Януш.Был вынужден выучить английский на физфаке. Я понимал, что если хочу стать настоящим физиком и быть в курсе новейших достижений, то обязан читать все последние публикации, большинство которых было на английском. А начав изучать экономику, убедился в том, что знание английского языка является необходимым, и взялся за дело. Изучение языка и стало одной из причин моего сотрудничества с «Альматур». Тогда никто даже мечтать не мог о языковых курсах в самой Англии. В КМПиКе (тогда еще не было МПиКов1) в Тору-ни доступным был только один экземпляр «Ньюсуика», подцензурный, с вырезанными из него самыми важными статьями. И чтобы получить этот экземпляр для чтения, надо было оставить удостоверение личности. Так проверяли, кто читал «Ньюсуик», данные из удостоверения записывали. Соответственно сопровождение заграничных групп было единственным шансом выучить английский язык, поскольку предоставляло возможность двадцать четыре часа в сутки говорить по-английски, не выезжая из Польши. Таким образом я выучил английский настолько хорошо, что занял пятое место на общепольской олимпиаде по английскому языку.

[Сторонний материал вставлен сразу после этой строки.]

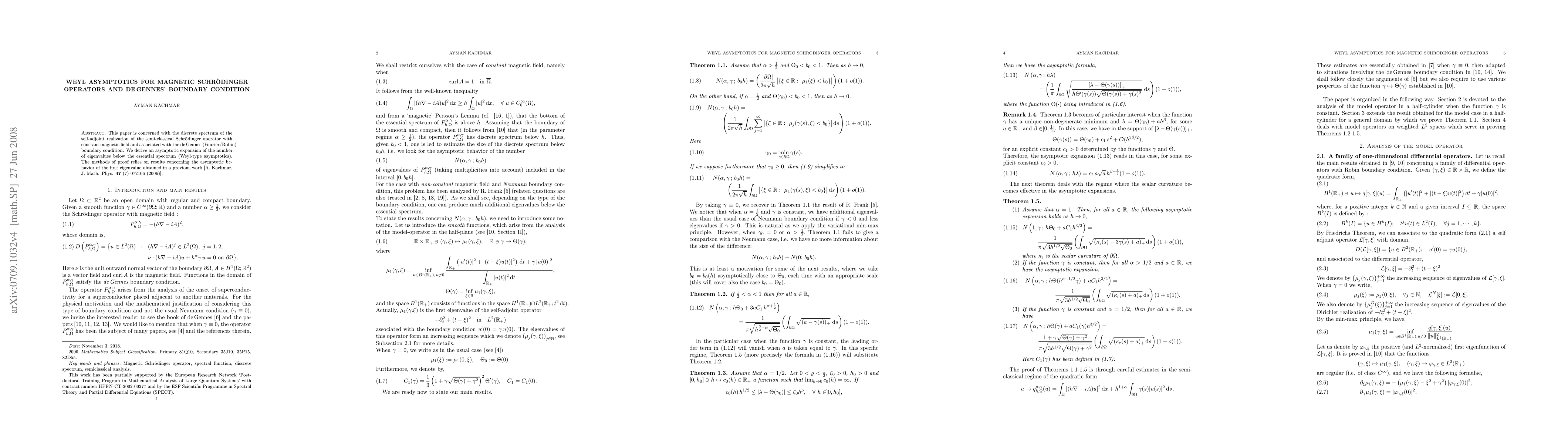 This paper investigates the discrete spectrum of magnetic Schrödinger operators under a constant magnetic field and de Gennes boundary conditions, deriving Weyl asymptotics for the number of eigenvalues below the essential spectrum. The proof leverages prior results on the asymptotic behavior of the first eigenvalue from a related study.

А принял в ней участие, потому что в качестве приза вручали большой словарь Хорнби (смеется).
Дорота.То есть ты был обыкновенным зубрилой?
Януш.Можно и так сказать.
Дорота.И потому у тебя не было времени на обычную развеселую студенческую жизнь?

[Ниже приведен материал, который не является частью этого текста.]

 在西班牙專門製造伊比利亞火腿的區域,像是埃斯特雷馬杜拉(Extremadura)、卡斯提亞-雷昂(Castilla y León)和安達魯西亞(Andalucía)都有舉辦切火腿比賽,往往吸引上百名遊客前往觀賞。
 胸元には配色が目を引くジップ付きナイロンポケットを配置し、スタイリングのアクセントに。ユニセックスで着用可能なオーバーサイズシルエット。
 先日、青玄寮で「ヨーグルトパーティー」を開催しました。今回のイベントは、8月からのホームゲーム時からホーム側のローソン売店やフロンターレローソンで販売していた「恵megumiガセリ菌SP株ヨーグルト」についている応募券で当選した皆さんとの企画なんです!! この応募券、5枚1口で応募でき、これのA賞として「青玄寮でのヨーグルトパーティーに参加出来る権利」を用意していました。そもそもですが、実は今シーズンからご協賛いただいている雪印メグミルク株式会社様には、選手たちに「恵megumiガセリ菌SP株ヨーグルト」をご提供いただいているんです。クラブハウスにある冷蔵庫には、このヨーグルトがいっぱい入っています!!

Януш.Ну да. Моя жизнь и в самом деле была довольно ограниченной. Но все менялось, когда приезжали туристы, к которым меня прикрепляли. В это время я как раз вел очень активную светскую жизнь. В Польшу приезжали американские группы в рамках организации «Френд-шип Амбассадорс». Целью этой организации являлись контакты с миром за железным занавесом. Поэтому из Америки приезжали студенты, например студенческие хоры, которым в Польше предстояло участвовать в различных выступлениях и встречах. Это была настоящая паранойя, потому что я приводил такой хор в ССПС (Социалистический союз польских студентов), после выступления к нам присоединялся польский студенческий хор, и все вместе мы отправлялись на концерт в костел. А потом я рассчитывался с ними за их выступления как в социалистической организации, так и в этом костеле, например покупая им чай или кофе по выданным мне специальным купонам.
1 МПиК — в современной Польше сеть по продаже книг, аудио- и видеодисков, компьютерных программ, игр и аксессуаров, а также прессы. Название исторически связано с КМПиКом (Клубом международной прессы и книги). В период ПНР там можно было бесплатно почитать польские, а при оставлении в залог удостоверения личности — иностранные книги и газеты.

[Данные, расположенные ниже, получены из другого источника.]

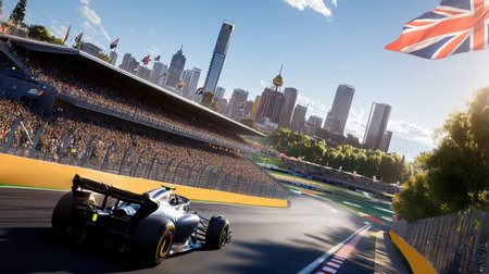 Race car speeding on a city track, with a crowd in the stands and skyscrapers in the background, under a clear blue sky with a British flag. Concept of extreme sport.
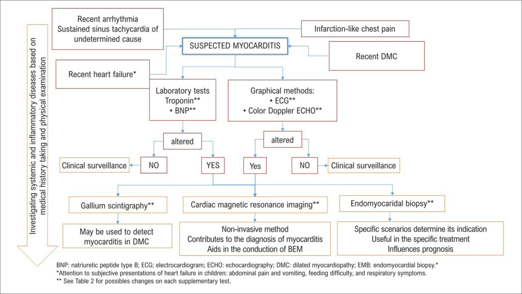Myocarditis in children and adolescents is an inflammatory myocardial disease with a heterogeneous presentation ranging from oligosymptomatic, with no impaired ejection fraction to catastrophic clinical presentation with cardiogenic shock (fulminant myocarditis) or sudden death. Thus, this condition remains a major challenge from the diagnostic and therapeutic points of view. Despite the different etiologies listed, the most frequent form may be related to viral diseases, and new forms of myocarditis, such allergic ones (eosinophilic and use of medications, particularly cancer immunotherapy), have been currently described. Increasing the rate of suspicion is crucial. Measurement of serum levels of troponin and N-terminal B-type natriuretic peptide, as well as the use of advanced methods of cardiac imaging, such as strain echocardiogram, positron emission tomography, and cardiac magnetic resonance, are integral part of multimodal assessment in suspected patients. Although endomyocardial biopsy remains is still the gold standard for disease diagnosis, currently it tends to be performed in specific situations, such as fulminant clinical presentation and chronic or recurrent myocarditis. The management of this condition includes general supportive care, treatment of heart failure, control of arrhythmias when present, assessment of mechanical support and cardiac transplantation. Treatments based on immunosuppression and immunotherapy are still controversial. In this article, we propose a broad review of diagnostic and treatment methods, as well as the different etiologies in the pediatric population.

Дорота.Действительно, классическая паранойя.
Януш.Помню, как в 1978 году мы со студенческим хором из Луизианы были в Мариацком костеле. Они там пели прекраснейший госпел. Вот это было переживание. И по сей день, когда я слышу госпел, то вспоминаю Мариацкий костел и негров, поющих перед алтарем Вита Ствоша. Так вот, мы были приглашены в приходской дом на угощение. Такое типично польское гостеприимство — украшенные столы, стаканы в подстаканниках, общий сахар, булочки, испеченные монахинями в серых рясах. В какой-то момент появился ксендз, присел и стал с нами разговаривать. Он был весел, говорил по-английски, что мне очень понравилось, потому что я мог отдохнуть от непрерывного перевода. И оказалось, что это был не обычный ксендз, а епископ. А когда он позже представился, то оказалось, что это Кароль Войтыла. Эта встреча состоялась в 1978 году. И в том же самом году, 16 декабря, Кароль Войтыла был избран папой римским. Помню, как я слушал радио. Стоял в кухне и слушал радио. И услышал, что Кароля Войтылу избрали папой. А потом я получил восемь телеграмм из США, напоминавших мне, что мы пили чай и ели булочки с папой римским. Это был первый папа-поляк, первый за шестьсот лет папа, который не был итальянцем. И вдобавок человек родом из социалистической страны. Я не забыл этого до сих пор, хотя тогда не отдавал себе отчета в том, с кем познакомился. Я — верующий в Бога физик, правда не слишком религиозный, и потому иерархия епископов, викариев и прочих священнослужителей всегда была мне совершенно чужда. А тогда, во время чаепития, к нам просто присоединился блистательный ксендз — веселый, свободно, хотя и с акцентом говоривший по-английски, остроумный. Я был необычайно горд, что мы встретили такого ксендза. Но никто не обратил на него особого внимания. Только позднее, в октябре, стало понятно, с кем мы пили чай в приходском доме.